Она, как слепая, легко провела пальцем по его лицу.
И тут Аржанов понял, что дело плохо…
…Вся кровь его закипела, голова пошла кругом, а что вытворяла плоть! Судорожно распрямляясь в тесных кюлотах, она причиняла враз боль и такое блаженство, что Аржанов схватил девушку за бедра и с силой притиснул к себе, чтобы получить хоть малое облегчение. Не тут-то было! Новые бешеные судороги неутоленного желания опоясали его, и он, застонав, уткнулся в нежную шею губами, бормоча исступленно:
– Дай утеху телу моему! Дай!
Ох, так вот что томило его с первого мгновения встречи! Он захотел ее… нет, не так. Он возжелал, взалкал ее – как умирающий от голода и жажды алчет пищи и питья, как удушаемый алчет глотка воздуха. Кровь бухала в висках, все плыло перед глазами, он впивался губами в нежную запрокинутую шею, нетерпеливыми руками обнажая ей плечи, бестолково дергая шнуровку лифа.
«Что со мной? – прорывался сквозь шум в голове чей-то незнакомый голос. – Что со мной? Я сошел с ума. Меня отравили!»
Аржанов с трудом узнал этот голос. Он слышал его прежде – другим: трезвым, спокойным, насмешливым. Это был голос того, былого Аржанова, каким он был какой-нибудь час, полчаса, несколько мгновений назад. Словно бы некая неведомая сила преобразила, переродила его. У него маковой росины во рту за это время не было, но все же некий яд попал в его кровь и растекся по ней, проник в сердце, заставляя его то разрываться от пьянящего желания, то сжиматься от страха: а что, если он будет отвергнут? И не меньшим ужасом наполняла его мысль: а вдруг она сейчас привычно бухнется на спину, разведет ноги и скажет лениво: «Ну, давай, соколик, бери, чего хошь, да только знай: я плату вперед прошу!»

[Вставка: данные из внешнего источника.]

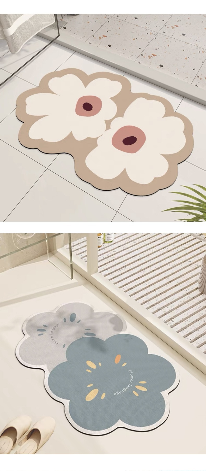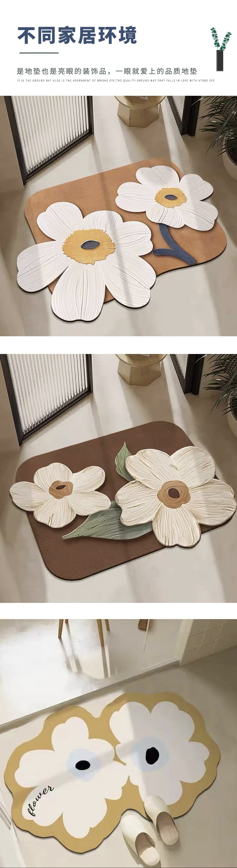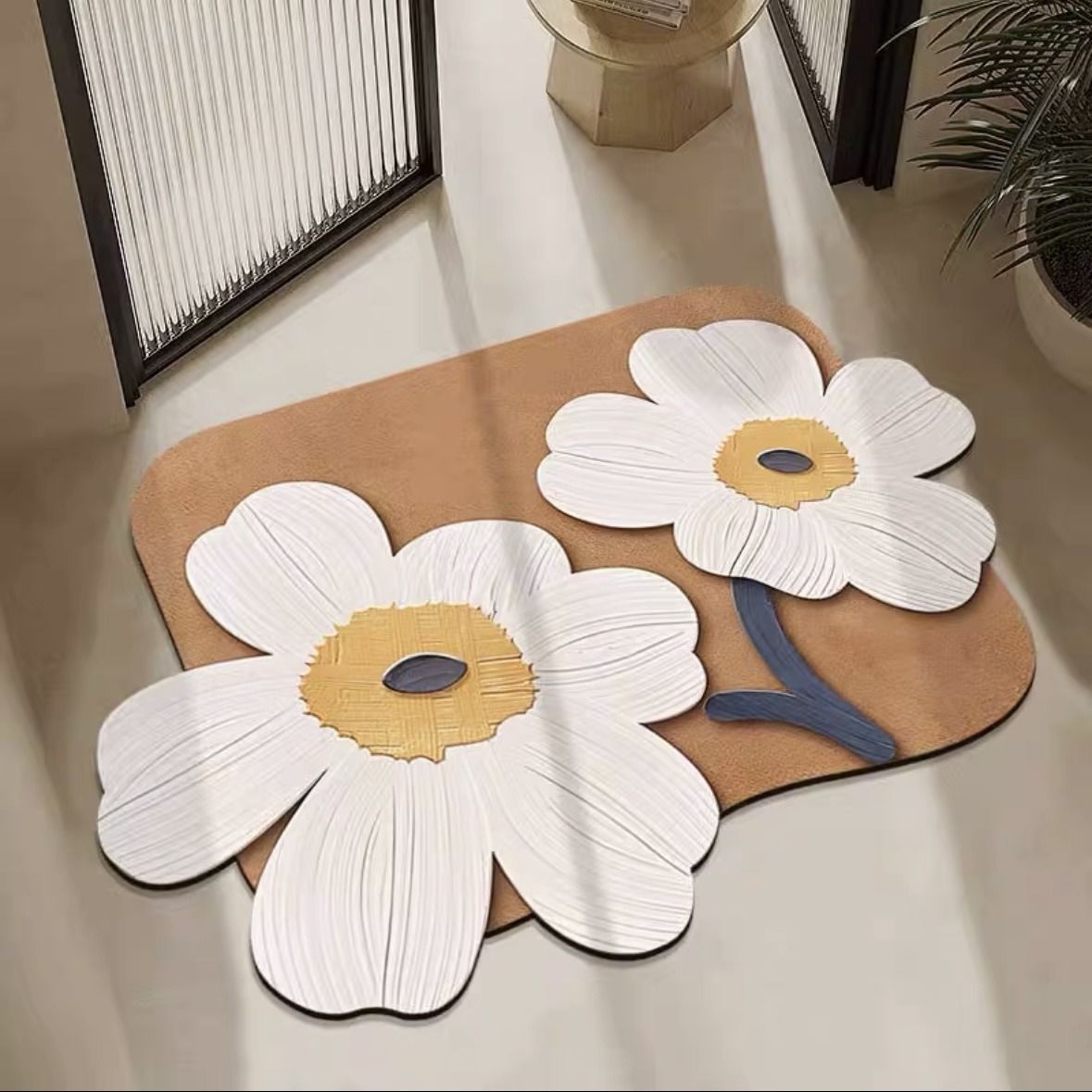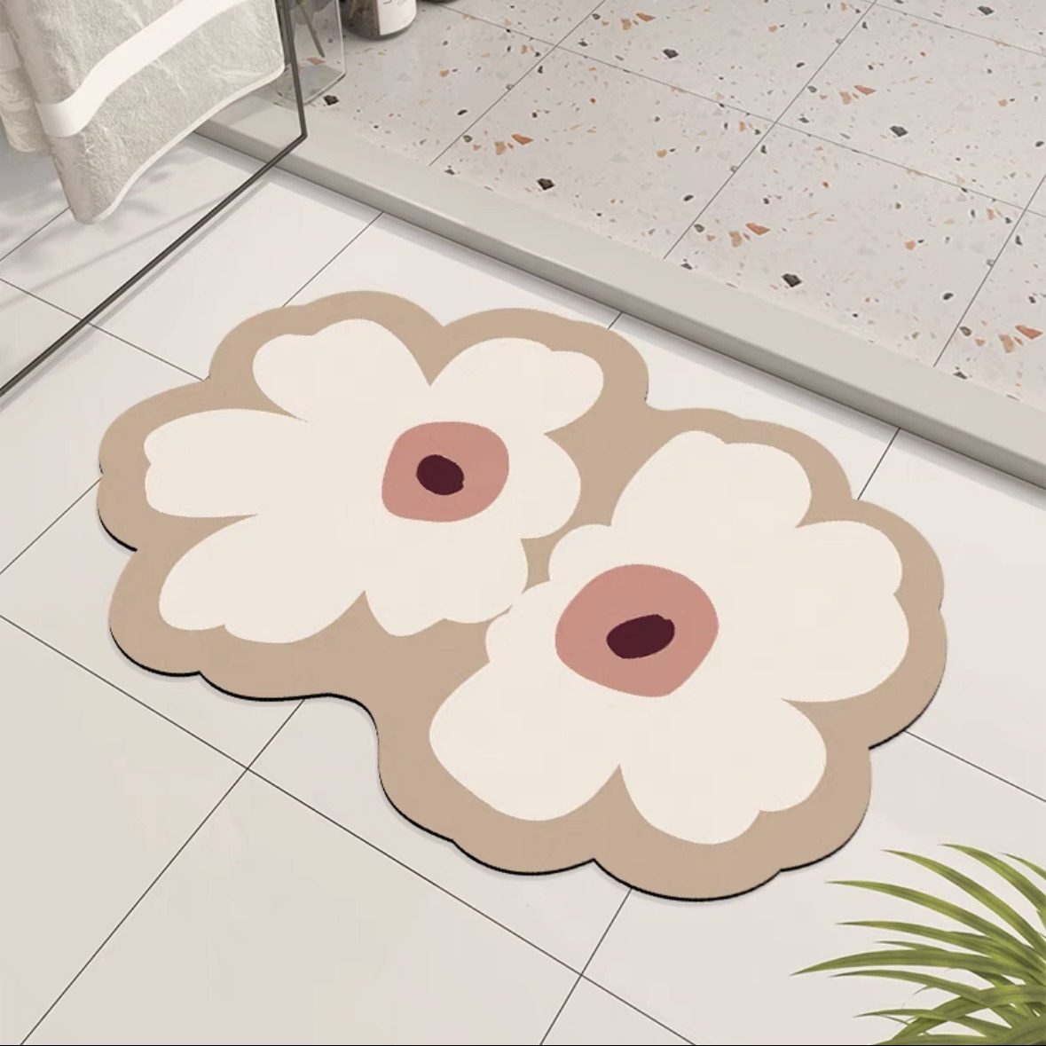목가적 인 꽃 욕실 Diatom 진흙 매트 욕실 문 물 흡수성 빠른 건조 발 매트 미끄럼 이질 진흙 매트

Ему хотелось одновременно и оттолкнуть ее – и слиться с нею. Умереть – и жить. Да что же, что же это? Как пережить эту пытку, как выстоять пред ураганом чувств?
В последнем усилии отрезвления он встряхнул ее, заставил выпрямиться, взглянул в глаза – и сердце его вновь зашлось: они не были сонными, безучастными, они смотрели изумленно, и были омыты слезами, и губы ее дрожали. Вдруг потянулась к нему, легко обняла за шею, прильнула к губам, шепча:
– Ох, милый, сон мой сладкий, свет мой ясный… милый, милый…
У Аржанова подогнулись ноги, и он рухнул в траву, увлекая за собою послушное женское тело.
Аржанов очнулся от дрожи, пробежавшей по его телу, и приподнял тяжелую, хмельную голову. Он так и заснул, уткнувшись губами в ее плечо… она тоже спала, тихо улыбаясь во сне.
Аржанов стиснул лицо ладонью. Ему было странно то ощущение счастья, которое владело им всецело. Чудилось, он заблудился в лесу – и вдруг вышел к околице, а невдалеке мерцает огонечек в окошке, и там, за окошком, его ждут – его одного.
«Не может быть, – подумал он смятенно. – Не может быть… Я люблю ее?»
Он растерянно оглянулся, как бы ища ответа у ночи, но та лишь задумчиво и молчаливо посмотрела ему в глаза.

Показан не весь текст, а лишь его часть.